RAW DATA →
==============================
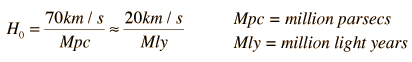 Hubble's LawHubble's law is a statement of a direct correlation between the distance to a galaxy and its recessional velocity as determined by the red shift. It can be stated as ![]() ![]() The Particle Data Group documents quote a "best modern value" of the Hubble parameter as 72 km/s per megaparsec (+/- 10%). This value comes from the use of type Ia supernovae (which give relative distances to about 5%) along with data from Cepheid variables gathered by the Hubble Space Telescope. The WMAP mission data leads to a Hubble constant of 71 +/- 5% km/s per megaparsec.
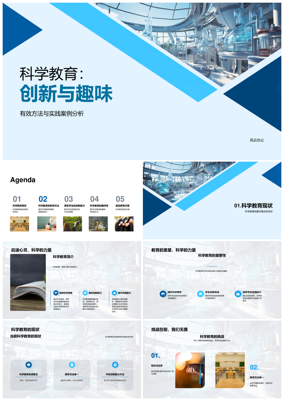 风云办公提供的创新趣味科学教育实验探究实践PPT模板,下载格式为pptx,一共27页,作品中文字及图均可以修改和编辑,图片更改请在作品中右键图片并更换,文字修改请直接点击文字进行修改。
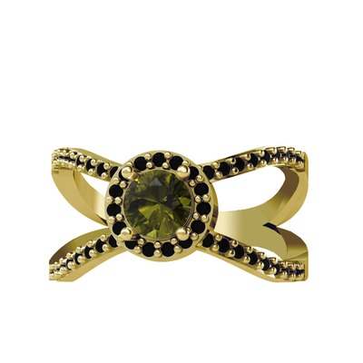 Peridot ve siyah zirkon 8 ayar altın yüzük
==============================
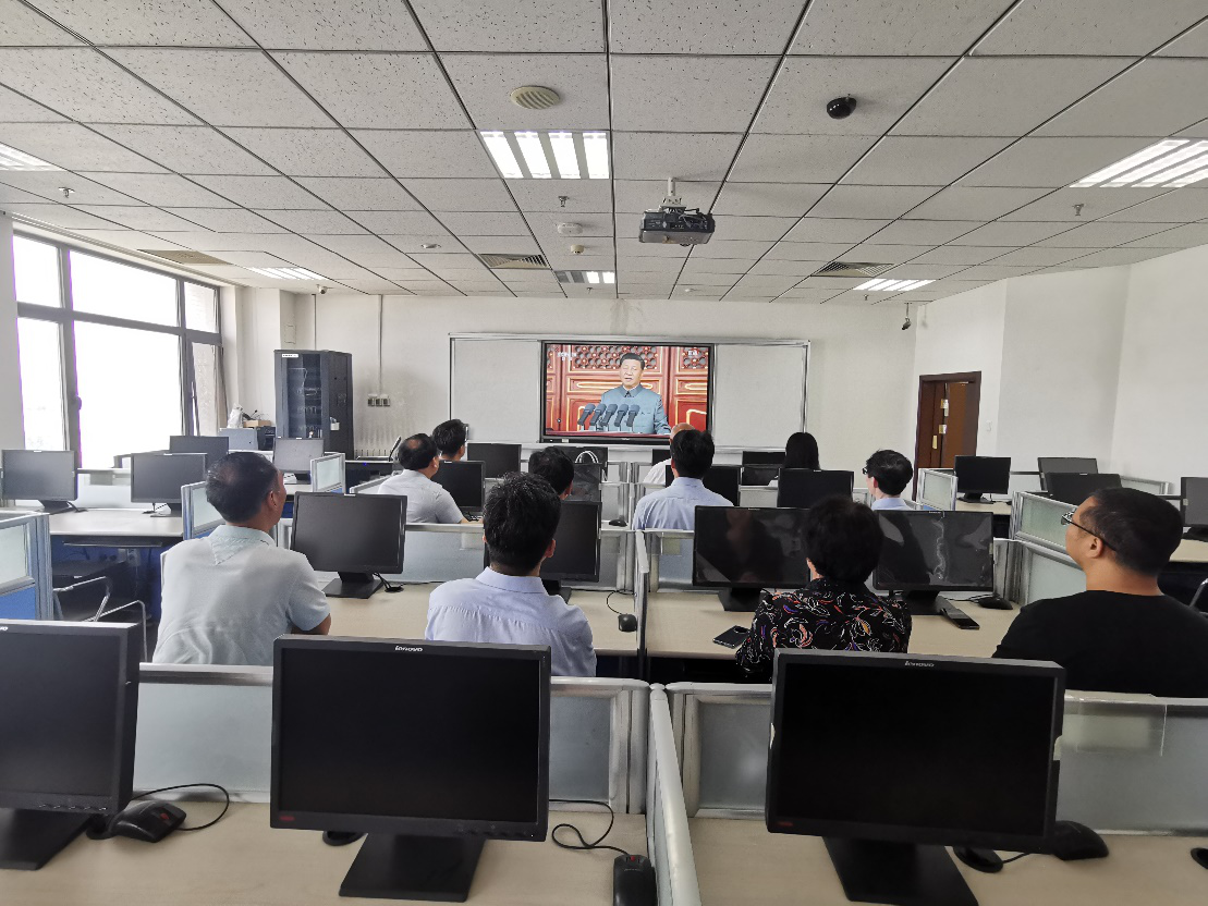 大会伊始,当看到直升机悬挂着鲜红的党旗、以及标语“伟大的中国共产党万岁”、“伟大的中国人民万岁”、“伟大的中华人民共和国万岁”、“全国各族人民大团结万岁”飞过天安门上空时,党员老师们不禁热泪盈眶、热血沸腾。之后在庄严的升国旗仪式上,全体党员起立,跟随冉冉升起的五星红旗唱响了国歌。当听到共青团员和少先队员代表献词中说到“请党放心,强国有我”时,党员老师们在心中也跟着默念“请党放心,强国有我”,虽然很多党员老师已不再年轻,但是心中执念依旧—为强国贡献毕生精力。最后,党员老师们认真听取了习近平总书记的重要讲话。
==============================
WORK ORDER → Pictures in the material above should be skipped; print exactly the lines from the one with "风云办公提供的创新趣味科学教" through the one with "Peridot ve siyah zirkon 8 ayar altın yüzük".

PROBLEM SOLUTION →
 风云办公提供的创新趣味科学教育实验探究实践PPT模板,下载格式为pptx,一共27页,作品中文字及图均可以修改和编辑,图片更改请在作品中右键图片并更换,文字修改请直接点击文字进行修改。
 Peridot ve siyah zirkon 8 ayar altın yüzük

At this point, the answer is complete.